Nous devons constater que les engagements pris par le ministre répondent assez largement aux préoccupations qui avaient guidé le Sénat dans l'adoption de la première proposition de loi. L'information des assemblées sur la situation en matière de transposition est substantiellement améliorée et la rédaction systématique d'une fiche d'impact simplifiée devrait contribuer à sensibiliser l'exécutif comme le Parlement aux problèmes éventuels de transposition.

En revanche, la garantie d'inscription à l'ordre du jour des textes à transposer n'est nullement apportée et la proposition de loi constitutionnelle adoptée à cet effet par le Sénat me paraît garder toute sa valeur. A cet égard, il convient de noter que, contrairement aux doutes exprimés par certains membres du groupe de travail, le rythme d'une séance par mois n'a rien d'excessif, compte tenu du fait que, dans le texte adopté par le Sénat, cette séance serait consacrée non seulement à la transposition des directives communautaires, mais encore aux textes autorisant la ratification des conventions internationales.
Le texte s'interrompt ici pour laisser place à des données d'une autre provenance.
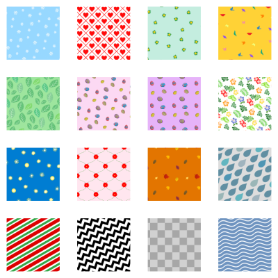 A set of sixteen different seamlessly tileable patterns. 12 of those were made for use in a calendar. The rain pattern has a grey background in Inkscape, no idea why it doesn't show up in Firefox.
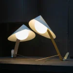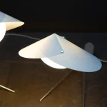 Inspired by the graceful yet formidable mantis insect, the MANTIS collection by Riya Panchal of MESEME Studio marries organic elegance with contemporary design. The lamp’s gentle sway when touched adds a touch of whimsy, echoing the stealthy movements. Crafted using making techniques as their previous CONCHA Pendant Light Collection, the MANTIS collection is an evolving collection of table, floor and wall lamps. Available in two different metal finishes – brushed brass and brushed aluminium and choice of specialist paper colour-ways, it invites us to embrace the forms of nature and its simplicity.
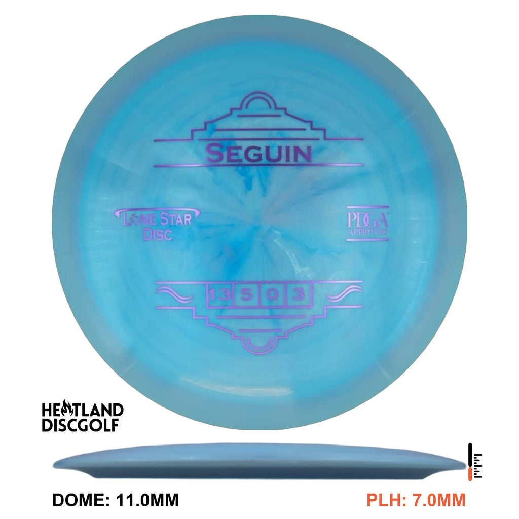The Lone Star Disc Seguin is a wide-rimmed, overstable distance driver. The Seguin is perfect for flex lines and fighting headwinds. It's high-speed rim will be better for players of an Intermediate and higher skill level, as this overstable disc will be sure to have a bigger fade at the end of it's flight.
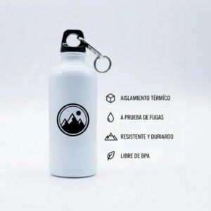 Descubre la botella metálica personalizada con mosquetón, diseñada para acompañarte en cada aventura. Con aislamiento térmico de alta calidad, mantiene la temperatura de tus bebidas por más tiempo, ideal para mantener tu agua fresca o tu café caliente durante tus actividades diarias.

Or, les délais pour la ratification des conventions internationales sont, eux aussi, préoccupants, avec un nombre important de textes en instance.

Ainsi, grâce au dialogue qui s'est instauré entre le Gouvernement et les assemblées, des progrès ont déjà été accomplis ; d'autres, plus significatifs, devraient l'être avec l'entrée en vigueur des mesures qui ont été annoncées par le ministre ; toutefois, il me semble qu'il demeure encore une amélioration à effectuer sur laquelle il nous faudra sans doute revenir en temps utile.

Compte rendu sommaire du débat

M. Jean-Paul Émin :

Sait-on quand les mesures annoncées par le ministre dans sa lettre vont effectivement entrer en application ?

M. Hubert Haenel :

La lettre de M. Pierre Moscovici précise qu'il s'agit d'une « mise en application rapide ». D'après les informations qui nous ont été communiquées par le SGCI, ces mesures devraient être mises en oeuvre dans les semaines qui viennent, c'est-à-dire avant les prochaines échéances électorales.

La délégation a alors autorisé, à l'unanimité, la publication de ce rapport publié sous le n° 250 (2001-2002).


(1) Cette réunion s'est tenue en commun avec la commission des Affaires étrangères, de la défense et des forces armées.